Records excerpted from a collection
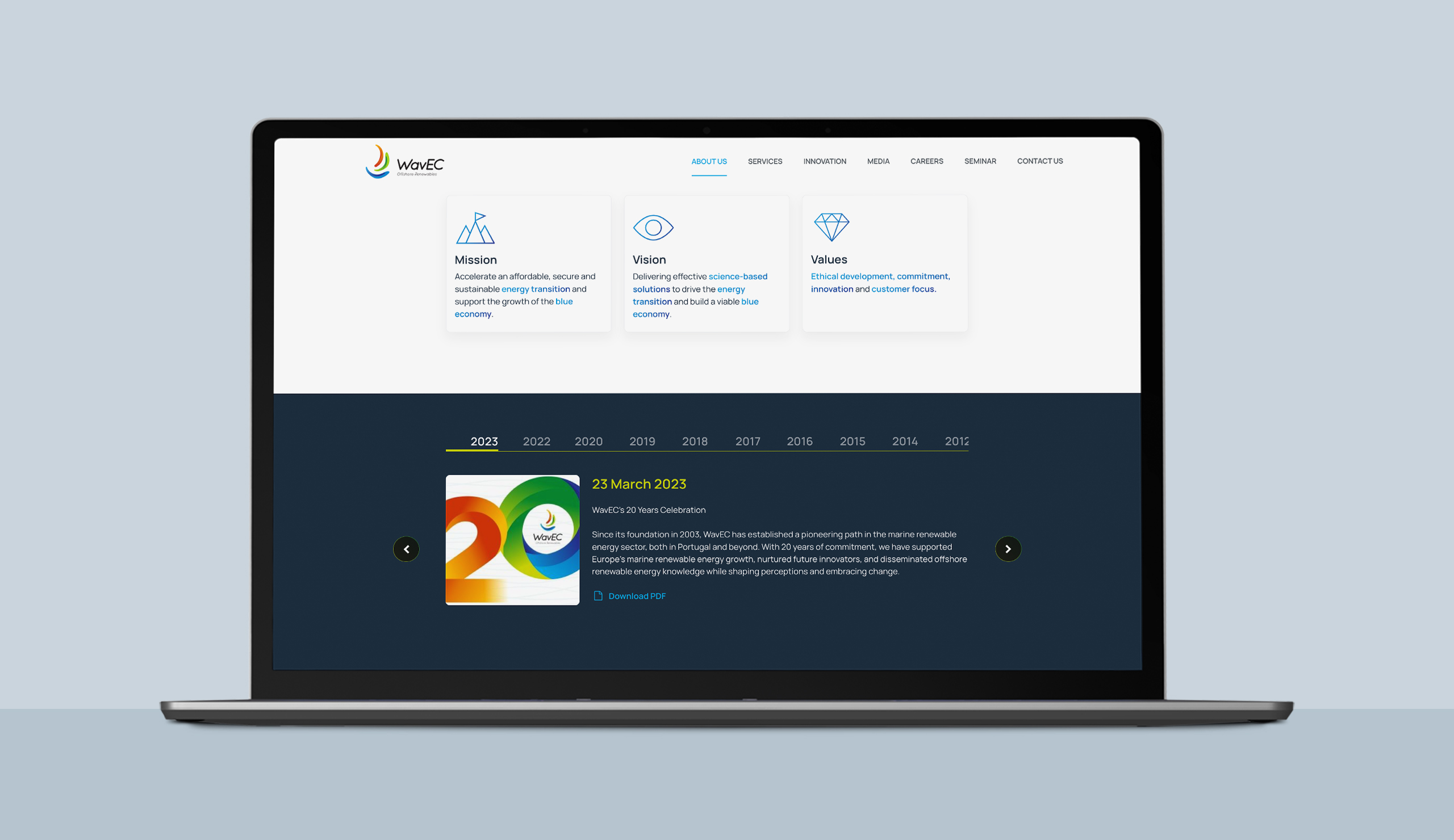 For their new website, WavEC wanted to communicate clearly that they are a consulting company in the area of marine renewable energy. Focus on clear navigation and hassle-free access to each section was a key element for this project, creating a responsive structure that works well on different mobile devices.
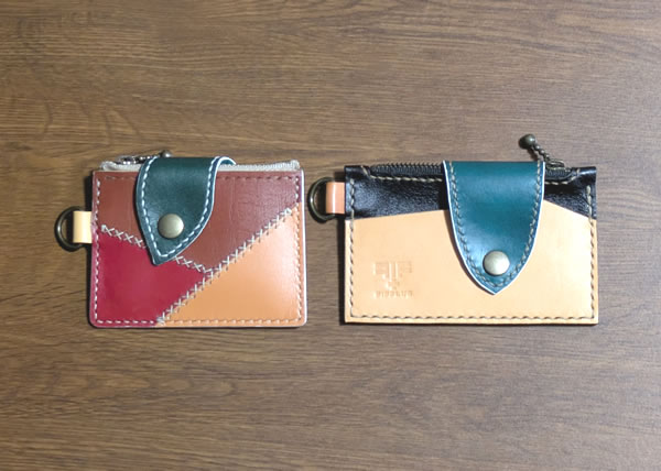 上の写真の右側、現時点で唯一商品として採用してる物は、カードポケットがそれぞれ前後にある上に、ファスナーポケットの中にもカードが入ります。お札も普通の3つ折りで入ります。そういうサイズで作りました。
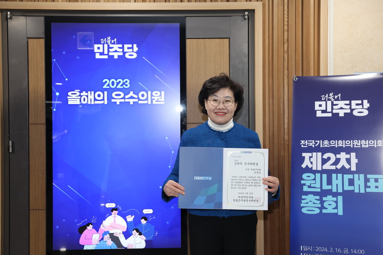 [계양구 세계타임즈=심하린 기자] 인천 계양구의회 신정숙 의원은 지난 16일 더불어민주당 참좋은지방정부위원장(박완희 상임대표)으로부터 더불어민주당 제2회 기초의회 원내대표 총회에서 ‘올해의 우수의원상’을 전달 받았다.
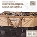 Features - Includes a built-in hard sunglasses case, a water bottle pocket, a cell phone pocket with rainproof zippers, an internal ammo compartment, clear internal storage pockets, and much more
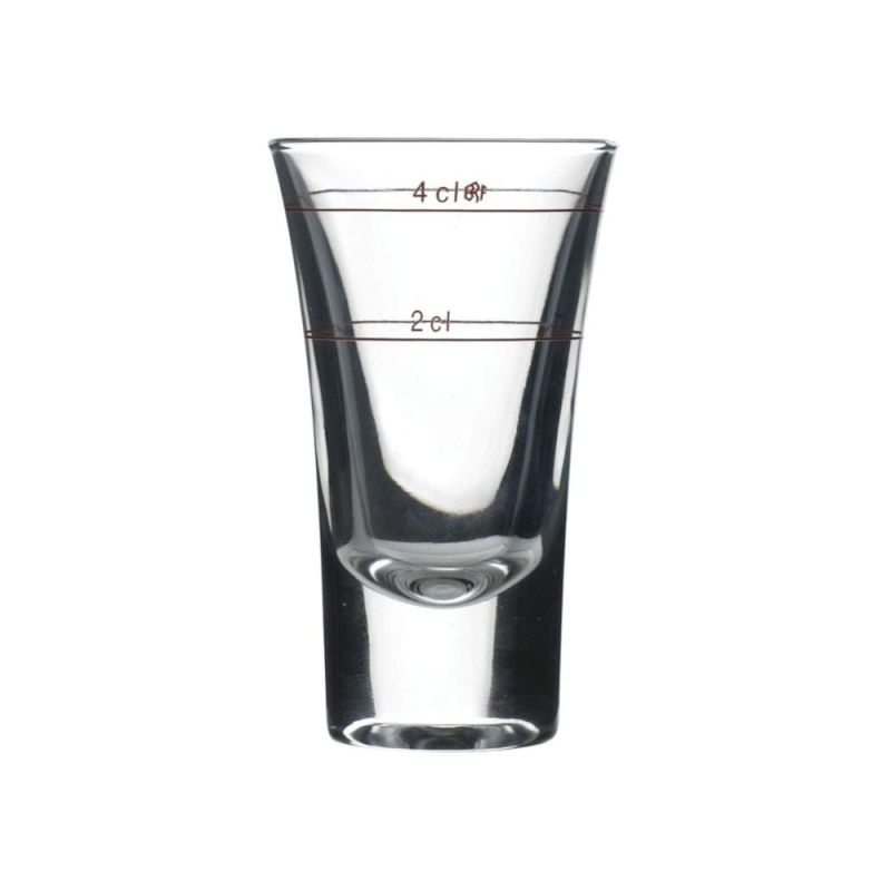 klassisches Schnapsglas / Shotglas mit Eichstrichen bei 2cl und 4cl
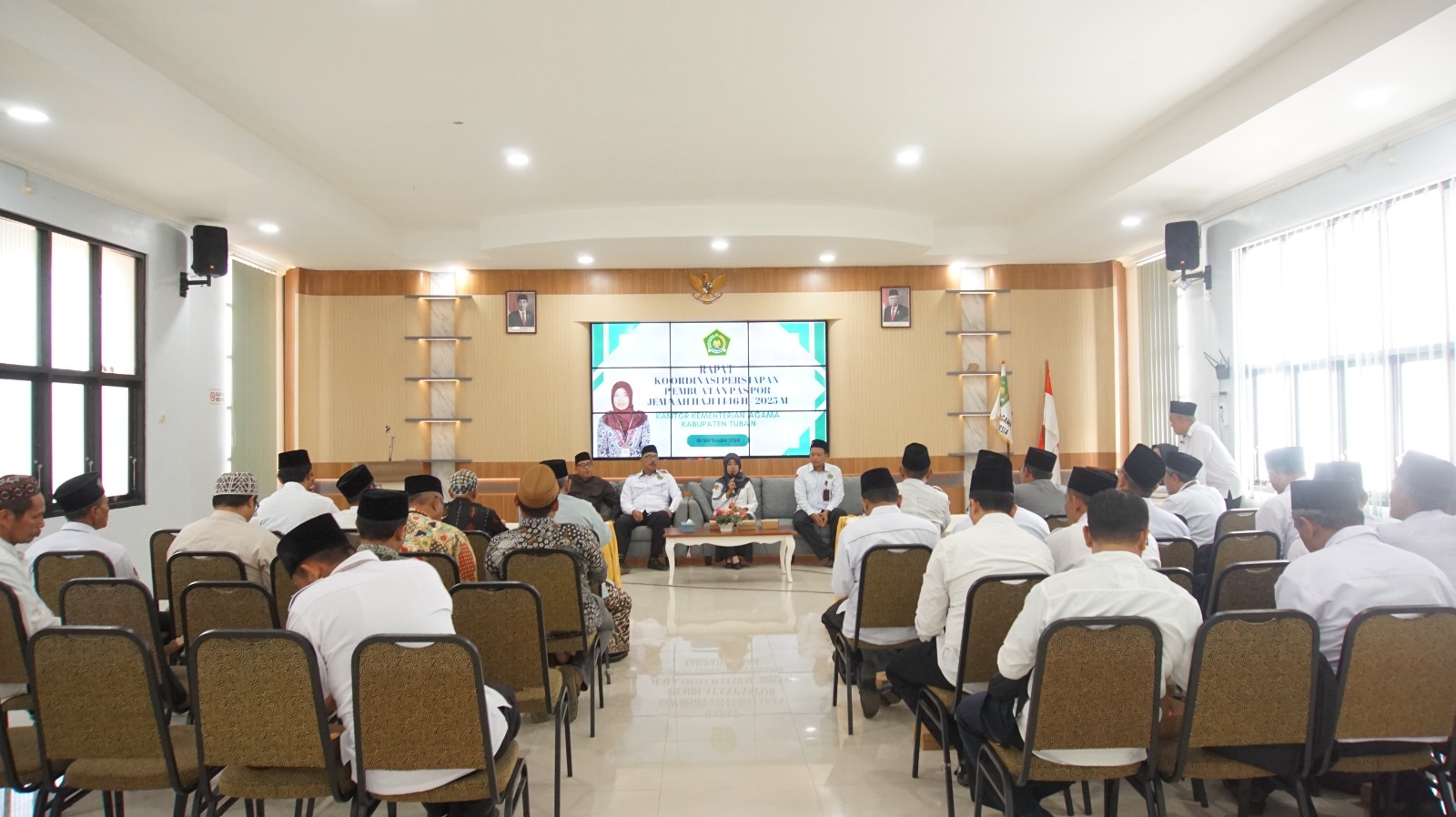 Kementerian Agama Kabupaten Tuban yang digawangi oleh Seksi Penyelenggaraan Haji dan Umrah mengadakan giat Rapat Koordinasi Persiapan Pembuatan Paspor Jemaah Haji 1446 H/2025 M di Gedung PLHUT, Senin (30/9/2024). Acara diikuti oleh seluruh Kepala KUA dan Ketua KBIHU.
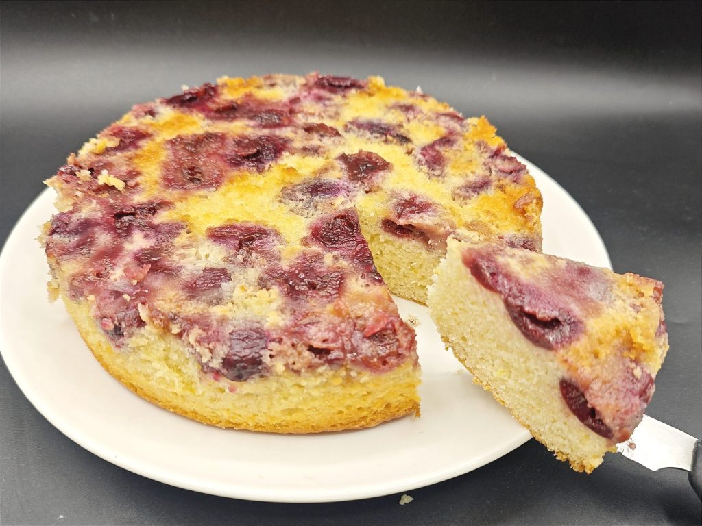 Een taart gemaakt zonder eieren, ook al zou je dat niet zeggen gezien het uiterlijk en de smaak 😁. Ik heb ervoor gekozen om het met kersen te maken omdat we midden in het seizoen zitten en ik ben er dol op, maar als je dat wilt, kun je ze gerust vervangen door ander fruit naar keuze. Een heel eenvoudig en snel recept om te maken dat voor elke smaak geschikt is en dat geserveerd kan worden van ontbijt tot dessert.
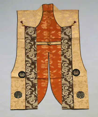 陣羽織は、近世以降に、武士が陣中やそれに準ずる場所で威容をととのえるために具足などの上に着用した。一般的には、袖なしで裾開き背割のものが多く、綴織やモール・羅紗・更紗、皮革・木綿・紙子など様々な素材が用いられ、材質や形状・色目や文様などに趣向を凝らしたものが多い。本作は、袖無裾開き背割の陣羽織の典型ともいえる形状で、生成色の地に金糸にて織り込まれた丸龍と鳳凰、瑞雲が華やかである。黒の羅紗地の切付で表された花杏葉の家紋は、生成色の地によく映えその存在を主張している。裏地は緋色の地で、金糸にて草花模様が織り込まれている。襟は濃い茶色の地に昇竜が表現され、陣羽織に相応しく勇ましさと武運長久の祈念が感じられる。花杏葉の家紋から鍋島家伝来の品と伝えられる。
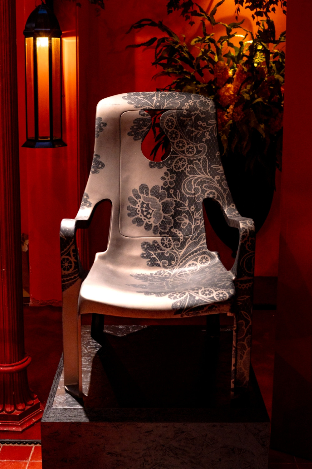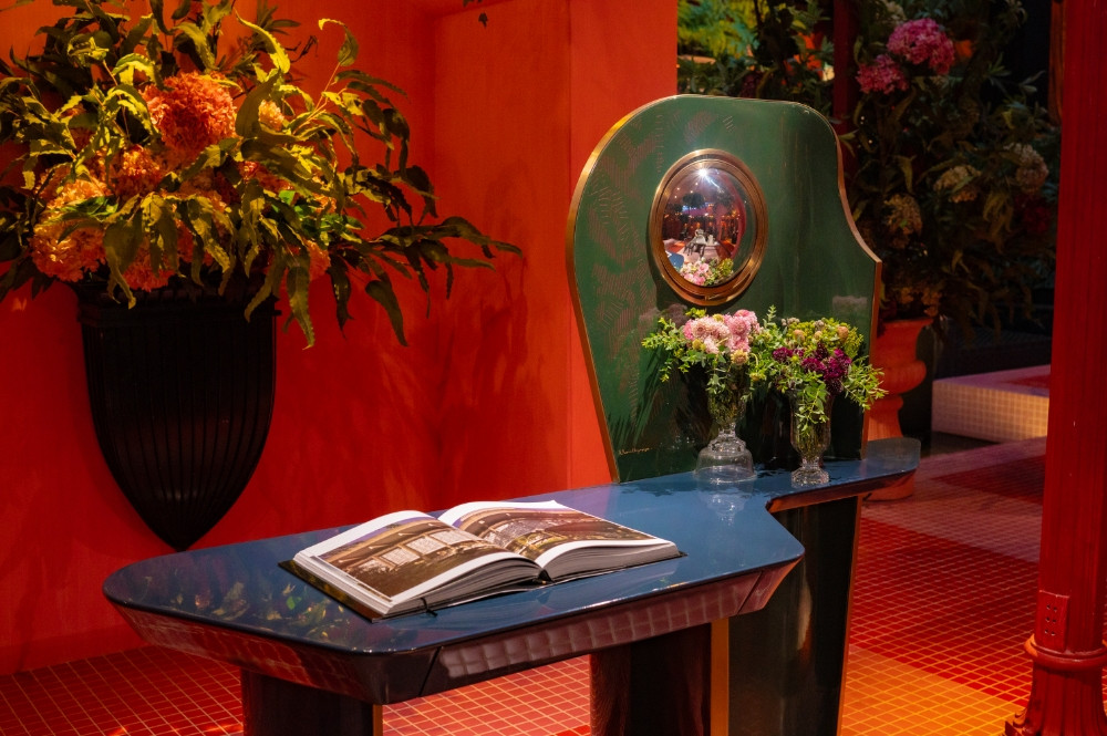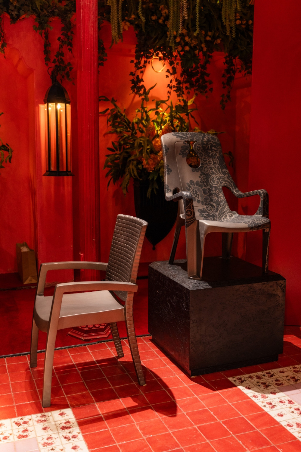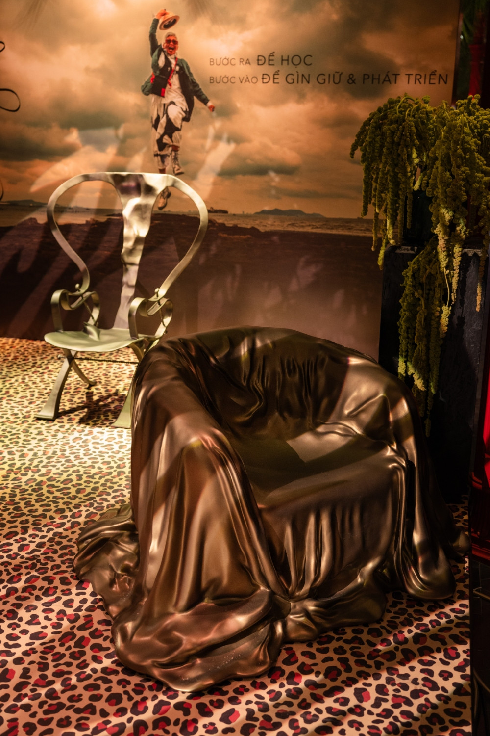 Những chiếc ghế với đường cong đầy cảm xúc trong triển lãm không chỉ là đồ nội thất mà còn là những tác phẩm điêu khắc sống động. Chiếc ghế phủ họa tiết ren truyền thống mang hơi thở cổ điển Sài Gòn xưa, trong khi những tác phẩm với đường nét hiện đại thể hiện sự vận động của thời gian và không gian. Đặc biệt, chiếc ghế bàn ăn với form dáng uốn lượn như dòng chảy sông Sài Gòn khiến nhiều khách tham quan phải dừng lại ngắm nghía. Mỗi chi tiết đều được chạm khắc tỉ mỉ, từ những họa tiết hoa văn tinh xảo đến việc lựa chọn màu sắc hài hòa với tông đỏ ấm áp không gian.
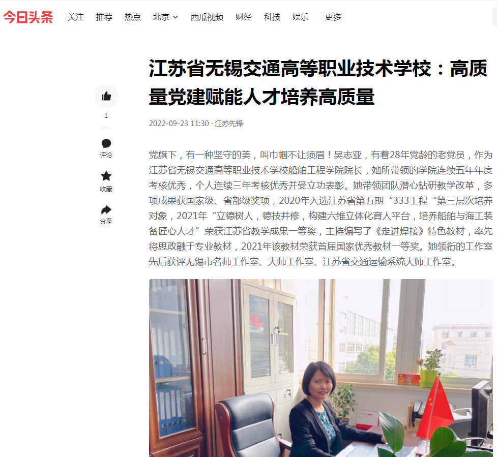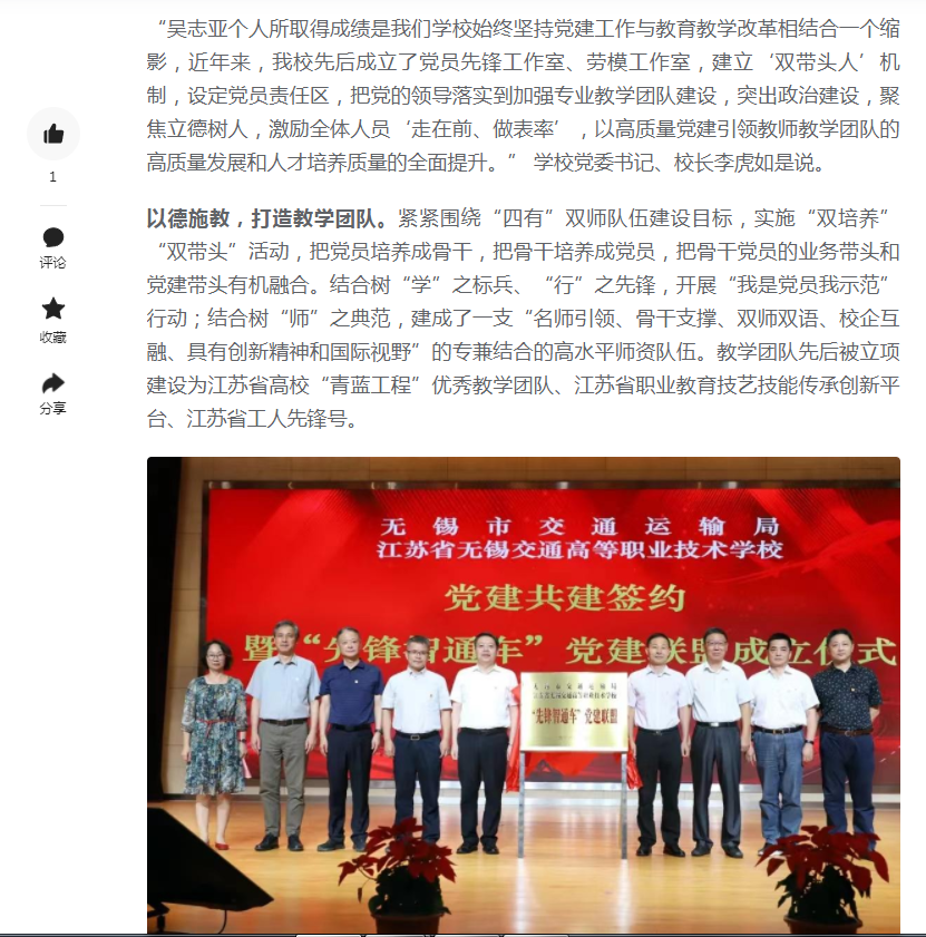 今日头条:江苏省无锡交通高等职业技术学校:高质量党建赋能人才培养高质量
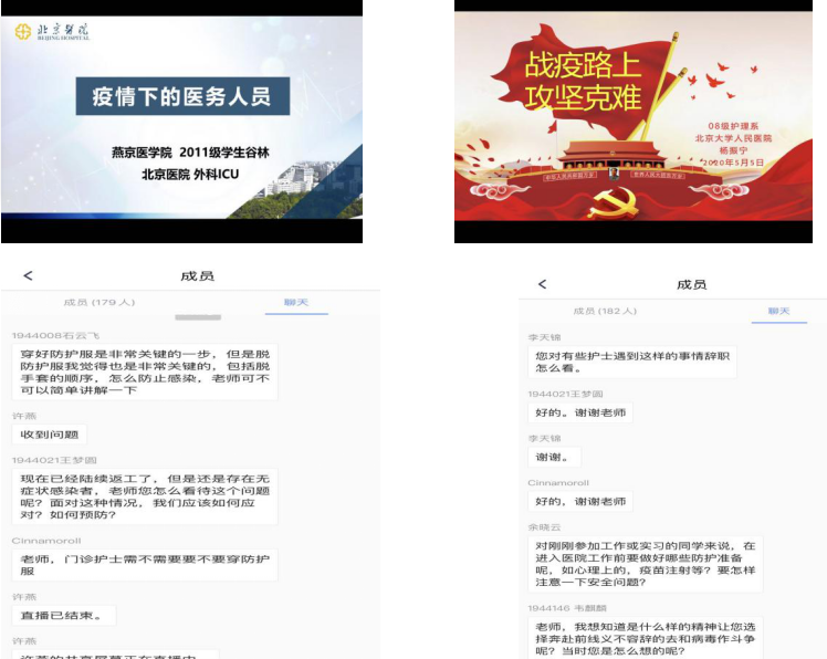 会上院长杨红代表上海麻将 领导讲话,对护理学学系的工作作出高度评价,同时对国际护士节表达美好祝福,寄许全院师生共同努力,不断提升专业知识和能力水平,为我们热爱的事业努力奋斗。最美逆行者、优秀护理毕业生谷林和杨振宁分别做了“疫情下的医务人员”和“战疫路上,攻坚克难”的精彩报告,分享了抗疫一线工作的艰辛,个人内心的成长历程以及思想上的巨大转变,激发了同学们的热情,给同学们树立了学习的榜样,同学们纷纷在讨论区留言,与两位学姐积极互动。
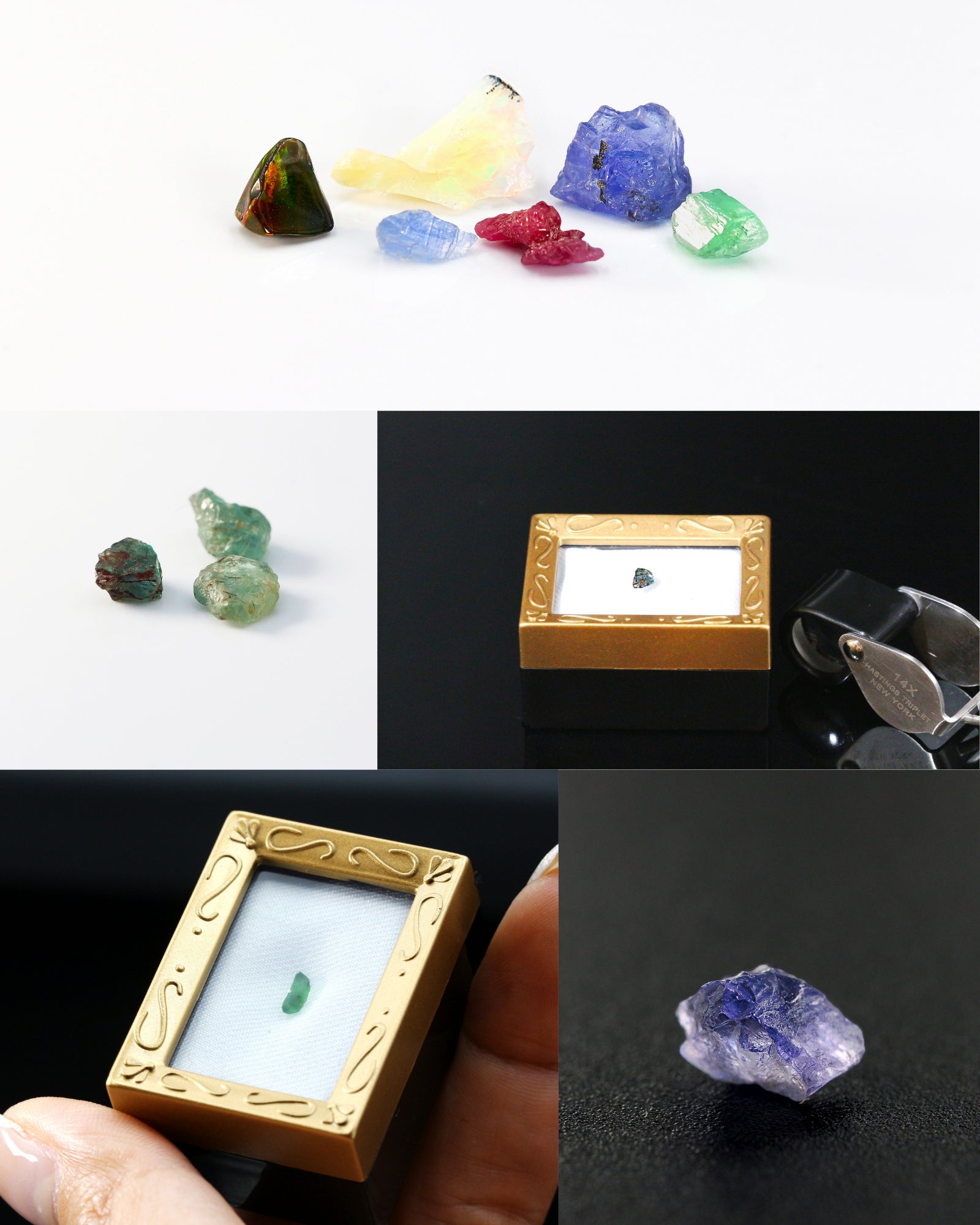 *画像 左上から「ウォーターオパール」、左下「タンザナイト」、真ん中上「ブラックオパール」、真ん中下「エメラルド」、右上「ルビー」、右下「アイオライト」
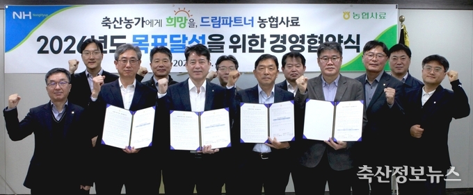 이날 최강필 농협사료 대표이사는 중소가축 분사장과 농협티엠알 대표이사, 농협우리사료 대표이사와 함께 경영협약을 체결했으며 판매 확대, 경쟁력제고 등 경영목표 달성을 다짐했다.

» EXERCISE REQUIREMENTS: Print the data above from its first line through the line that has "上の写真の右側、現時点で唯一", exactly and with nothing else, omitting pictures.

» SOLUTION TO THIS EXERCISE:
 For their new website, WavEC wanted to communicate clearly that they are a consulting company in the area of marine renewable energy. Focus on clear navigation and hassle-free access to each section was a key element for this project, creating a responsive structure that works well on different mobile devices.
 上の写真の右側、現時点で唯一商品として採用してる物は、カードポケットがそれぞれ前後にある上に、ファスナーポケットの中にもカードが入ります。お札も普通の3つ折りで入ります。そういうサイズで作りました。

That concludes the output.